L’intensification des conflits économiques entre nations, l’essor de pratiques offensives d’influence et la multiplication des menaces hybrides sur les entreprises françaises révèlent une fragilité structurelle : la France accuse un retard en matière d’intelligence économique. Dans un contexte de recomposition géopolitique, de polycrise et d’extraterritorialité juridique, construire une stratégie offensive et coordonnée devient une priorité pour assurer la résilience économique du pays.
De la mondialisation à la guerre économique : l’évolution d’un champ de bataille invisible
Depuis les années 1970, la mondialisation a offert aux entreprises françaises un accès démultiplié à de nouveaux marchés. Mais cette ouverture géographique s’est accompagnée d’un changement de paradigme : l’espace économique est devenu un théâtre d’affrontement entre puissances. Le commerce s’est transformé en levier d’influence, les normes en armes stratégiques, et la maîtrise de l’information en clé de domination. Les chiffres sont éloquents : les entreprises françaises réalisent aujourd’hui plus de la moitié de leur chiffre d’affaires consolidé à l’étranger, accentuant leur exposition à des risques systémiques croissants.
Face à cela, la France peine à structurer une réponse d’envergure. Ni les rapports Martre (1994), Carayon (2003) ou Lemoyne-Lienemann (2023), ni les dispositifs ministériels successifs n’ont permis de construire une doctrine cohérente d’intelligence économique. En comparaison, les États-Unis disposent depuis 1977 d’un système articulé d’influence économique fondé sur l’extraterritorialité du droit (FCPA), quand la Chine appuie son ambition mondiale sur des logiques intégrées de renseignement industriel et normatif.
Résultat : la guerre économique devient un facteur tangible de perte de souveraineté. Désindustrialisation, rachats hostiles d’entreprises stratégiques, marginalisation dans les décisions internationales… entre 2003 et 2022, la part des exportations françaises dans le commerce mondial a chuté de 4,8 % à 2,5 %, pendant que celle de la Chine triplait.

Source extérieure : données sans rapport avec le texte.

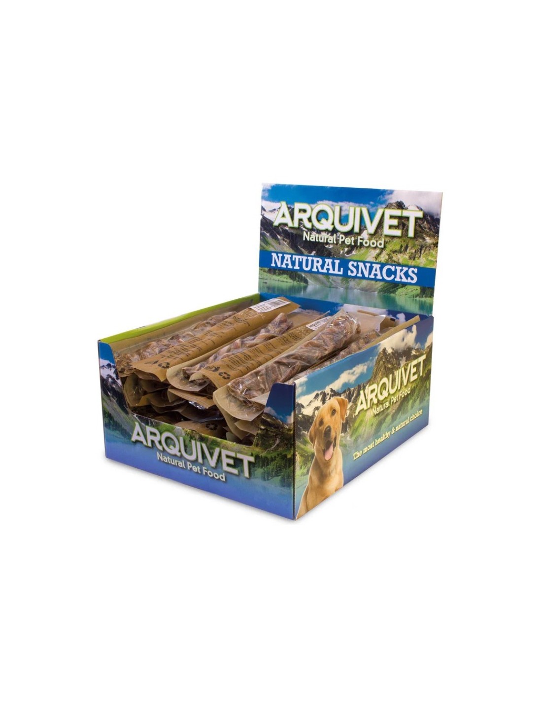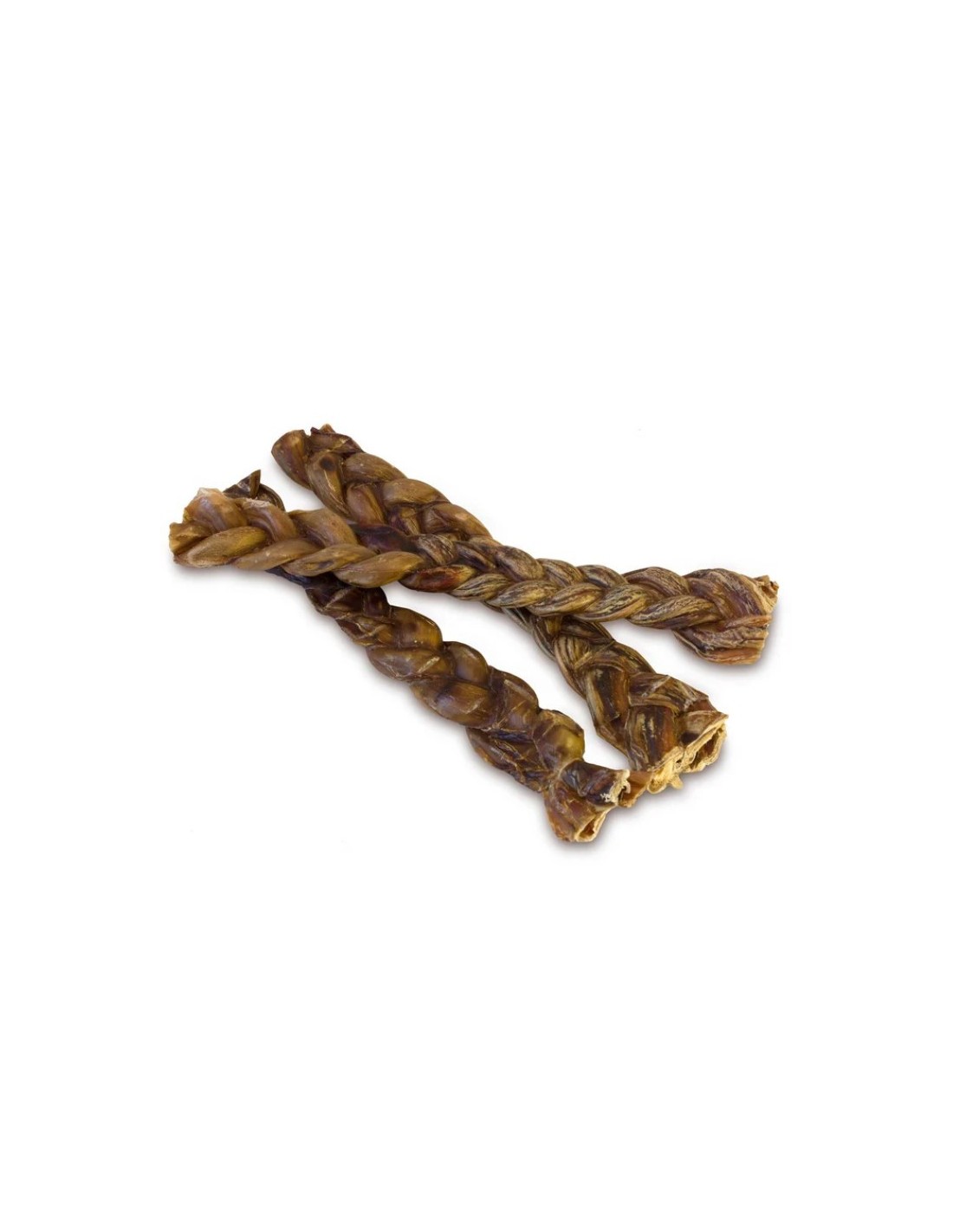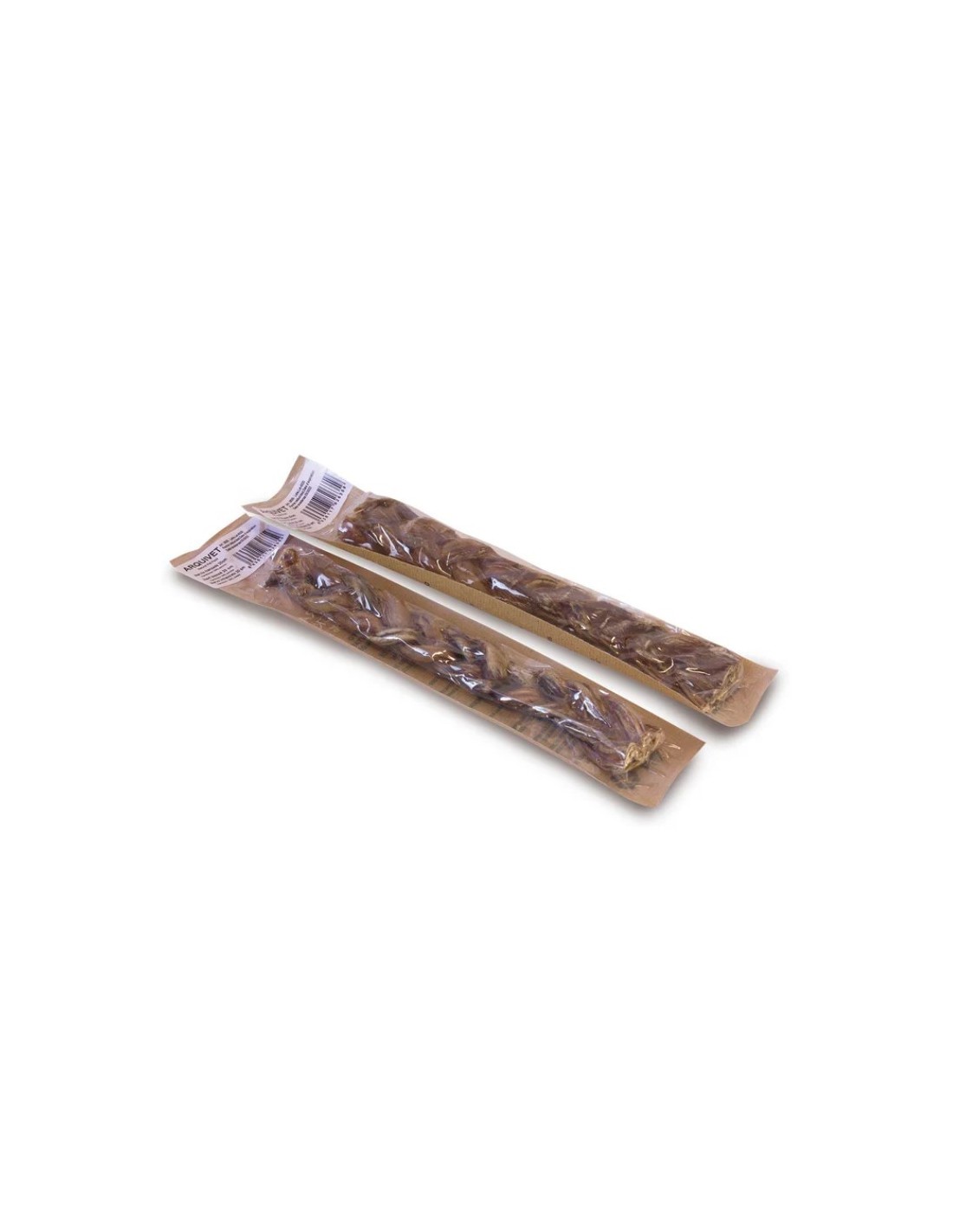 Snack 100% natural para perros elaborado con nervio de cerdo secado y curado dispuesto en forma de trenza, que aporta proteinas de orígen animal, digeribles fácilmente por los perros y ayuda a fortalecer la dentadura de los perros. Medida aproximada 20 cm. Envasado individual según normativa alimentaria.

Vers une doctrine française d’intelligence économique : structurer la résilience, décloisonner l’action
L’essor des menaces hybrides – cyberattaques, captation d’informations stratégiques, ingérences normatives – impose un sursaut. En 2022, la France a recensé près de 700 alertes de sécurité économique (+45 % en un an), tandis que les cyberattaques ont coûté deux milliards d’euros aux entreprises. La réponse ne peut être qu’interministérielle, publique-privée, nationale et territorialisée.

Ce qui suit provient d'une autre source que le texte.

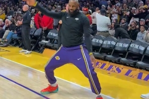 GIF-詹姆斯賽前底線天勾命中 激情舞動(dòng)慶祝
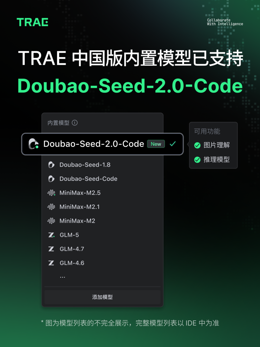 - TRAE:内置模型中选择「Doubao-Seed-2.0-Code」。

Une stratégie d’intelligence économique offensive repose d’abord sur une vision portée au plus haut niveau de l’État. Il s’agit de définir des priorités cohérentes avec les ambitions de France 2030 et la stratégie bas-carbone, de créer une structure rattachée à Matignon ou à l’Élysée, et d’instaurer un dialogue constant avec le Parlement. Sur le terrain, les régions, les CCI et les comités stratégiques de filière doivent être les relais de cette mobilisation, via des formations, des comités dédiés et une diffusion de la culture du renseignement économique.
Enfin, au niveau européen, une coordination est impérative. La bataille normative sur la taxonomie verte ou la question de l’industrie de défense l’ont montré : sans dispositif commun, les États membres risquent de s’affaiblir mutuellement face aux puissances étrangères mieux armées.

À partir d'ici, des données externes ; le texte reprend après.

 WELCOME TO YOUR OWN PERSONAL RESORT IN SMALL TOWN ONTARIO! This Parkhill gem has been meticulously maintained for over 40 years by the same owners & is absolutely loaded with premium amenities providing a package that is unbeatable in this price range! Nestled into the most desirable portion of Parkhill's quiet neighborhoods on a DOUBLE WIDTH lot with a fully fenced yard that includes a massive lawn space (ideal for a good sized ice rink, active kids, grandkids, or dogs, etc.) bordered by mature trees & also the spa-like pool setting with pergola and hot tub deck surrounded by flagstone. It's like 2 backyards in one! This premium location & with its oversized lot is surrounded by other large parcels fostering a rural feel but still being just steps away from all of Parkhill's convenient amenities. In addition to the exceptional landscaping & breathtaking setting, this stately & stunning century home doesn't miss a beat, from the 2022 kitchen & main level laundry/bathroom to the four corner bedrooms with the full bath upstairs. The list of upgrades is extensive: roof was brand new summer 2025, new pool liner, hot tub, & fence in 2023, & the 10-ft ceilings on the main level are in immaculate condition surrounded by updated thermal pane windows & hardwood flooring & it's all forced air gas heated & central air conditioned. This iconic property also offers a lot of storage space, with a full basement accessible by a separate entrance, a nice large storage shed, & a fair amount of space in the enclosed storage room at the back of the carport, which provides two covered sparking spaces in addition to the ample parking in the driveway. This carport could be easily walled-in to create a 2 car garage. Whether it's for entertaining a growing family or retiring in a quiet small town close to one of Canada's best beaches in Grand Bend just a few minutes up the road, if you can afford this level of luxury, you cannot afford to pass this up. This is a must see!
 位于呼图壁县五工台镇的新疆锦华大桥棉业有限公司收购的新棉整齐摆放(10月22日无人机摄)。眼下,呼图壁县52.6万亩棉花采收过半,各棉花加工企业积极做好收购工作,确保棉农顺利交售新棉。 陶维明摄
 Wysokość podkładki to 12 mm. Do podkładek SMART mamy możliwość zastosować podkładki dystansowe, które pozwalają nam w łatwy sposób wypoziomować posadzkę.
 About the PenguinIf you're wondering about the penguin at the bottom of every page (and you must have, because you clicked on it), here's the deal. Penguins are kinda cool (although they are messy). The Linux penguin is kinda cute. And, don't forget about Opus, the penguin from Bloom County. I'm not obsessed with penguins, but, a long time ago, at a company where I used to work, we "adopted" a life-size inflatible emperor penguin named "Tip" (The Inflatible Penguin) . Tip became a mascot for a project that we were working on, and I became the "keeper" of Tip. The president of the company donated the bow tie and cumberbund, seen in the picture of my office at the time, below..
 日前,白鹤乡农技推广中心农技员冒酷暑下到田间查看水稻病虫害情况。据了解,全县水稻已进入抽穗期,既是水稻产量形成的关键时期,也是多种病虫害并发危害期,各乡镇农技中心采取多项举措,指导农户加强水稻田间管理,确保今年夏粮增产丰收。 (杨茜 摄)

Reconquérir une souveraineté économique durable
L’intelligence économique n’est pas un luxe technocratique, mais un levier vital de résilience. Pour que la France renforce ses actifs, sécurise ses savoir-faire et défende ses positions à l’international, elle doit embrasser une culture de l’anticipation, de la coopération et de l’influence. La souveraineté économique de demain se construit aujourd’hui, dans les territoires comme dans les cénacles européens, en conjuguant lucidité stratégique et volonté politique.